The presence of a solid component, mural nodule, concurrent lesion, or thickened or enhancing cyst on imaging was associated with the presence of high-risk disease in both MD- and BD-IPMN. We combined these findings into a single variable (“solid component/mural nodule”) as previous studies have documented the difficulty in distinguishing between these features.16 As part of a study by Do et al. investigating interobserver agreement, four independent radiologists reviewed pancreatic protocol CT studies for 84 patients who had undergone resection for IPMNs. They classified the lesion as main, branch, or mixed and provided their estimation of the presence of malignant features such as a solid component or a mural nodule. The study results showed that while the radiologists’ estimations of cyst size and MPD diameter were comparable, their assessment of malignant features was more variable. The authors suggested that these markers could be better determined as part of a tumor board conference where a consensus can be reached especially for factors that consensus guidelines have established as indications for resection.

Jaundice is considered a marker of high-risk disease in patients with a cystic lesion of the head of the pancreas. The ICG2012 recommend resection in such cases.4 Similarly, in our study, jaundice was found to be a very strong predictor of high-risk disease. For MD and BD patients who presented with a history of jaundice, 37/37 (100%) and 20/21 (95%) of patients were found to have high-risk disease following resection, respectively. (The single low-risk patient with a history of jaundice also had prior episodes of biliary stricture and cholangitis which we believe to be the cause of his symptom.) Our model automatically assigns a predicted probability of high-risk disease of 1 to these patients and excludes them from the logistic regression analysis, allowing us to more accurately measure associations between the remaining factors and high-risk disease. Therefore, our model agrees with previously published guidelines stating that patients with jaundice should undergo resection.

Currently, standard recommendations for the management of IPMN are based on metaanalyses first published in 2006 and later updated in the ICG2012.4,7 These guidelines attempt to stratify patients into higher-risk groups and aid surgeons with treatment recommendations. Recommendations include resection for all patients with MD-IPMN and resection for BD-IPMN with ‘high-risk stigmata’ on imaging (e.g., mural nodules). Observation is generally recommended for BD-IPMN without radiological findings of a solid component or mural nodularity. A review of the 2006 guidelines by Nagai et al. found that while the guidelines had near perfect sensitivity (97%), their low specificity (30%) resulted in many patients with low-risk IPMNs being resected.17 In 2015, a validity study examined the conclusions drawn from the ICG2012 and found that many mixed-type IPMNs were actually low-risk which further reduced the likelihood of high-risk disease in the MD-IPMN group.18 Their results for sensitivity and specificity for the ICG2012 guidelines were 88% and 65%, respectively. These findings suggest a continued need for an improved ability to discriminate between patients with low- vs. high-risk IPMNs.

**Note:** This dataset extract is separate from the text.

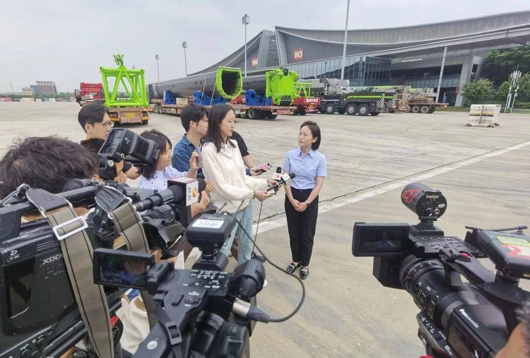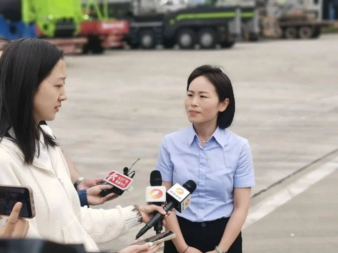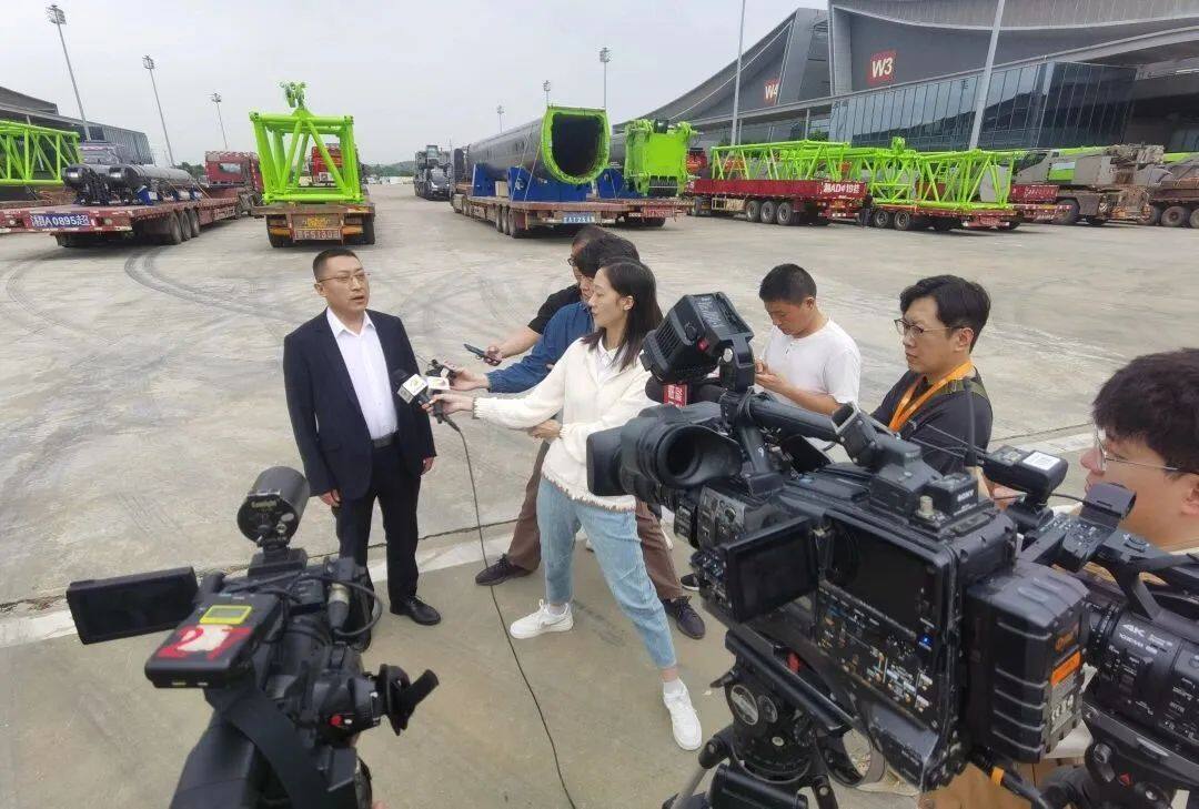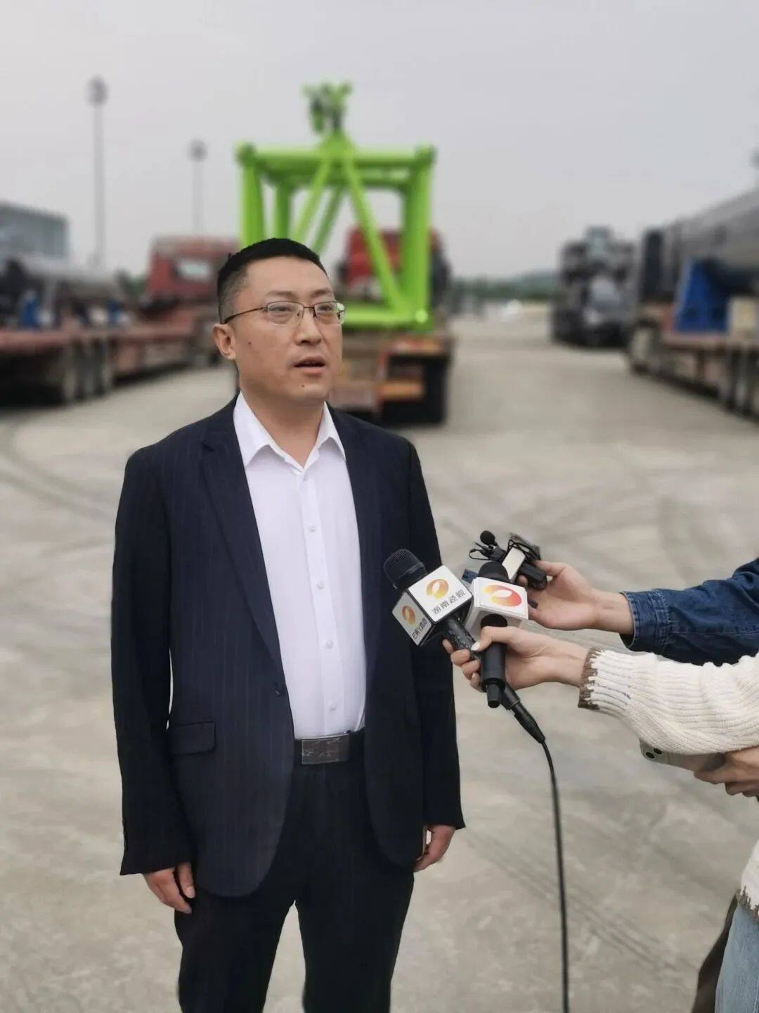 Jiang Dongdong, director of the Large Tonnage Research Institute of Zoomlion Engineering Crane Company R&D Center, accepts media interviews

A nomogram is a graphical representation of a complex statistical formula that accepts multiple input variables and provides an easy-to-understand answer to a focused question. As a prognostic tool, nomograms provide an individualized risk score for a given patient. Both preoperative (e.g., estimating risk of severity of disease) and postoperative (e.g., predicting recurrence-free or overall survival) nomograms have been described in the literature on topics such as breast, GI, and prostate cancer. A recent review highlighted the strengths and pitfalls of using clinical nomograms.19 The authors highlighted four key performance metrics: validation, discrimination, calibration, and clinical usefulness. With respect to validation, our study used an independent dataset to validate the model in order to ensure a more fair and unbiased assessment of the model. With respect to discrimination, nomograms are typically scored using a c-index ranging from 0.5 (as good as chance) to 1.0 (perfect discrimination). The c-index of our model was 0.81 on a validation dataset meaning that 81% of the time, the model assigned a lower probability to a patient with truly low-risk disease than a patient with high-risk disease. With respect to calibration, the accuracy of a nomogram is best depicted by a calibration plot showing the relationship between predicted risk and actual risk. An ideal plot would show a diagonal line (y=x). The calibration plot of our model on the training set (Figure 3a) demonstrated a strong association between the nomograms and the data. The validation plot (Figure 3b) was expectedly weaker (i.e. larger confidence intervals, data points further away from the “ideal line”) but was still able to show high accuracy for patients in the lower (~10%–30%) and higher (~90%) risk groups. Finally, with respect to clinical usefulness, our results suggest that our model may be a better predictor of high-risk disease and therefore could be a useful adjunct to clinical decision-making. It provides a risk assessment on a continuous scale, as opposed to the ICG2012’s categorical criteria, that is easier to apply to an individual patient in the context of associated co-morbidities and life expectancy. Further work will include a prospective analysis to determine whether it significantly improves patient outcomes when compared to clinician-directed management.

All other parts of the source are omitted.